Con ese estribillo parece que el único requisito que se les exige a los actores políticos, funcionarios o empresarios es que no hayan sido sentenciados penalmente. Es irrelevante si hayan tenido o tengan tres o veinte causas penales abiertas; o si habiendo cometido graves infracciones estén libres solo porque las causas prescribieron; o si habiendo estado involucrados en actos de corrupción anden tranquilos porque la justicia –que depende de la “verdad procesal”– no ha podido aún acusarlos. Si es así, no importa.

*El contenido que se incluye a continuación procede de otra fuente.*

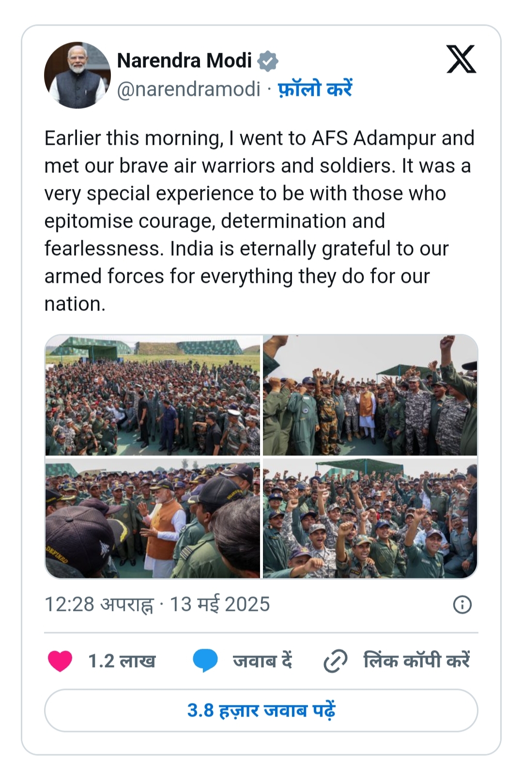 “आज सुबह, मैं एएफएस आदमपुर गया और हमारे बहादुर वायु योद्धाओं और सैनिकों से मिला। साहस, दृढ़ संकल्प और निडरता के प्रतीक उन लोगों के साथ समय बिताना बहुत ही विशेष अनुभव था। भारत हमारे सशस्त्र बलों के प्रति हमेशा आभारी रहेगा, जो हमारे देश के लिए सब कुछ करते हैं।
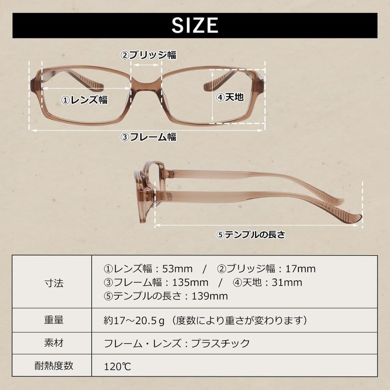 | Size: | レンズ幅/53mm、ブリッジ幅/17mm、テンプル長/139mm |
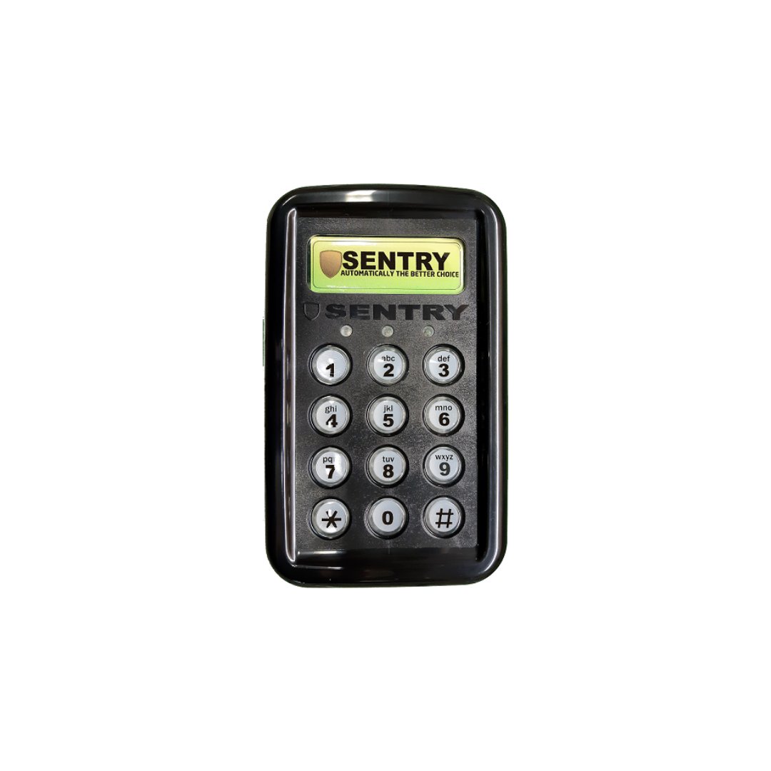 The SENTRY Wireless Access Keypad is a Radio Frequency Access Control Keypad that wirelessly communicates with other security products to provide stand-alone access control for users. The unit can accommodate up to 1000 unique PIN codes with any user-defined length from 1-10 digits. There are 15 channels to activate peripherals with. A memory module is provided for backup and restoring of information.

No importa si esta gente vive en mansiones y no hayan trabajado de sol a sol toda su vida; o no paguen impuestos en forma proporcional a su fortuna; o tengan abandonados a sus hijos. Nada de eso interesa. Tampoco interesa si de la noche a la mañana compran haciendas, apartamentos en Miami y autos del año; si pasan de la estrechez a la abundancia gracias a sus relaciones políticas; o si han tenido decenas de denuncias de estafa. Y no importa porque como toda “persona es inocente hasta que se demuestre lo contrario”, entonces no ha pasado nada. Que sean nomás candidatos y que reciban financiamiento público; que sean nomás jueces, asambleístas o burócratas y que reciban sus sueldos con nuestros impuestos; o simplemente que se pavoneen por los clubes sociales como gran cosa.

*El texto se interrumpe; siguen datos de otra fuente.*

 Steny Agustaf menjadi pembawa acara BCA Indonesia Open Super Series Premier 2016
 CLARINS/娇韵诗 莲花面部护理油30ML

Allí está el caso del jefe de todos los jefes de la mafia, el capo di tuti capi. Sobre él pesa no solamente un juicio por secuestro que si no ha prosperado es porque está fuera del país, sino que, además, tiene varias indagaciones penales en curso. Ha sido acusado por la Fiscalía, luego de varios meses de investigaciones, de ser la cabeza de una organización delincuencial; ha sido glosado por la Contraloría General; aparte de haber presidido el régimen más corrupto de nuestra historia, de ser el responsable de nuestra debacle económica y de habernos convertido en peones del narcotráfico. Pero –y aquí viene el gran pero– como “toda persona es inocente hasta que se demuestre lo contrario” entonces que siga tranquilamente conspirando contra nuestra institucionalidad, dando clases de economía y lecciones de moral. Y quién sabe si hasta le permitan candidatizarse a algún cargo.

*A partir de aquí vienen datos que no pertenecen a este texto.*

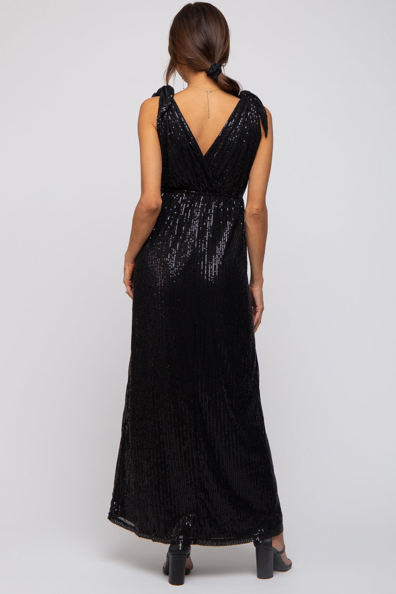 Black Sequin Sleeveless Wrap V-Neck Maternity Gown
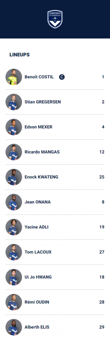 - Bordeaux: Laurent Koscielny vắng mặt vì chấn thương; Paul Baysse không đủ thể lực để thi đấu, còn Josh Maja vẫn chưa chắc chắn ra sân.

Ese es el estándar de nuestra vida pública. No haber sido sentenciado penalmente, según el respectivo récord policial. El resto, la probidad, la ética, la integridad –virtudes más difíciles de adquirir que el simple cumplimiento de unos requisitos legales–, eso no cuenta. Hasta ese punto han degradado a la función pública estos señores, hasta convertirla en un basurero. Y luego se preguntan por qué no salimos de nuestro subdesarrollo económico. (O)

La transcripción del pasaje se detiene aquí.